Seufzend wandte ich mich Esteban wieder zu, der jedoch noch nachdenklich Richtung Tür schaute.
"Worüber denkst du nach?", erkundigte ich mich, wobei ich eine Hand auf seine Brust legte und dadurch seinen Herzschlag spüren konnte. Esteban schaute mich an.
"Kannst du mir mein Handy besorgen?"
"Damit du und Lando Kontakt habt?", hakte ich nach.
"Ich möchte nicht, dass er einen erneuten Sturz riskiert, indem er heute Nacht wieder herkommt, aber ich weiß auch nicht, ob er die Nacht allein übersteht. Vielleicht würde es schon helfen, wenn wir telefonieren. Es wäre zumindest ein Versuch wert." Unsicher sah ich den Jüngeren an.
"Meinst du nicht, dass du dich auf deine Genesung konzentrieren solltest? Lando kann doch genauso gut mit Carlos oder Oscar reden."
"Ist das ein Nein?", kam Esteban auf seine ursprüngliche Frage zurück.
"Dann würdest du Lance oder Mick darum bitten."
"Oscar würde es sicher auch tun.
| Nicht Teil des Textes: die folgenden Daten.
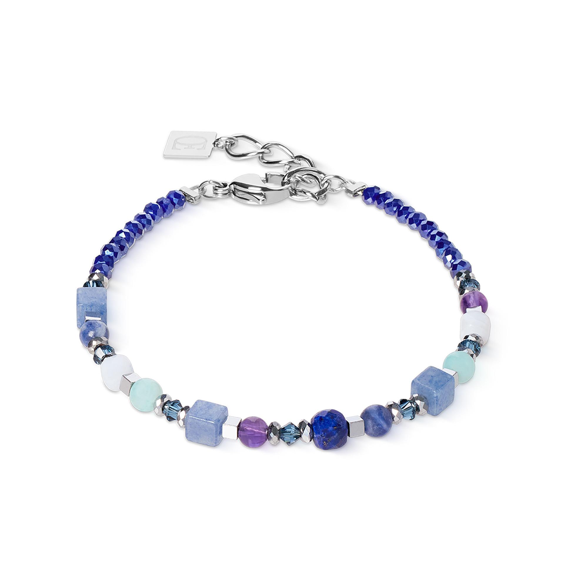 Il bracciale Shape Mix Spikes Blue Moon firmato Coeur de Lion combina lapislazzuli, amazzonite, calcedonio, avventurina blu, sodalite e agata con cristalli Swarovski® sfaccettati in un armonioso gioco di colori dal blu chiaro all'intenso crepuscolo futuro. Le differenze naturali delle pietre rendono ogni bracciale unico e conferiscono al gioiello fatto a mano un'eleganza moderna. Diverse tonalità di blu per accenti espressivi Combinazione di pietre preziose e cristalli scintillanti Consegna in astuccio di design con certificato di autenticità

Für ihn wäre es nur etwas schwieriger ans Handy heran zu kommen als für dich." Seufzend nickte ich.
"Okay, ich besorg dir dein Handy." Esteban legte seine Hand auf meine, die noch immer auf seine Brust lag.
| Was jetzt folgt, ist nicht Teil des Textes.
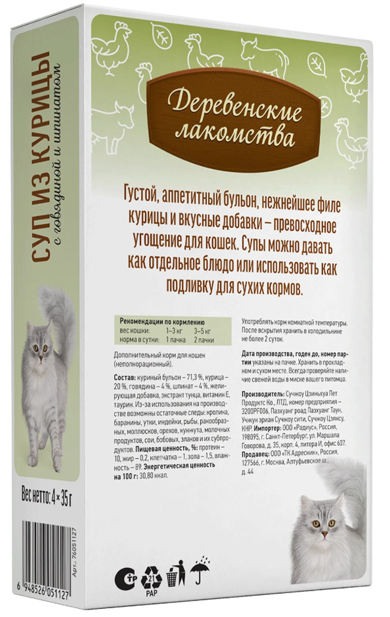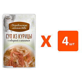 Лакомства для кошек ДЕРЕВЕНСКИЕ СУП набор паучей курица, говядина, шпинат (35 гр х 4 шт)

"Danke." Sanft drückte er meine Hand, wobei er mich anlächelte. Ehe ich noch etwas erwidern konnte, öffnete sich die Zimmertür ein weiteres Mal. Mick betrat gefolgt von Lance das Zimmer.
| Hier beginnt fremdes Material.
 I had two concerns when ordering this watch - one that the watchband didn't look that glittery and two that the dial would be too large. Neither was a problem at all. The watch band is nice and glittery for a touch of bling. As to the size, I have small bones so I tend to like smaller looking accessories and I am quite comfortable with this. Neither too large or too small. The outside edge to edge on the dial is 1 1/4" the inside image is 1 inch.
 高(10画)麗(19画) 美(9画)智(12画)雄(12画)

"Was Schach angeht, ist Lance ein hoffnungsloser Fall", beklagte Mick sich. Lance trat näher ans Bett. Mit hochgezogener Augenbraue blickte er von der unberührten Suppe zu Esteban und weiter zu mir.
"Ich geh das Handy besorgen", entschloss ich und erhob mich vom Bett. Unsicher blickte ich zu Esteban. Wir hatten uns geküsst, zumindest ganz kurz, doch deswegen wusste ich trotzdem nicht, ob er meine Gefühle erwidert, wie es mit uns weitergehen sollte, ob es überhaupt ein uns gab oder wie ich mich verabschieden sollte.
"Ich warte hier auf dich", erwiderte Esteban, weswegen ich lächelnd die Augen verdrehte.
"Ich weiß. Charles und Kevin haben heute auch schon angemerkt, dass du mir zur Zeit nicht wegrennen kannst."
"Wieso sollte Esteban vor dir wegrennen?", hakte Mick irritiert nach.
"Du redest mit Charles und Kevin über mich?", hinterfragte Esteban. Mein Blick fiel auf Lance, der sich zurück auf die Bettkante gesetzt hatte und aufmerksam zwischen Esteban und mir hin und herschaut. Für einen Moment überlegte ich, ob er vielleicht doch mehr über uns wusste, als er beim Gespräch am Morgen hatte durchblicken lassen.
"Bis später", ließ ich die Fragen unbeantwortet und machte mich stattdessen auf den Weg, um in Erfahrung zu bringen, wohin man Estebans persönlichen Sachen aus dem Fahrerzimmer nach dem Unfall gebracht hatte.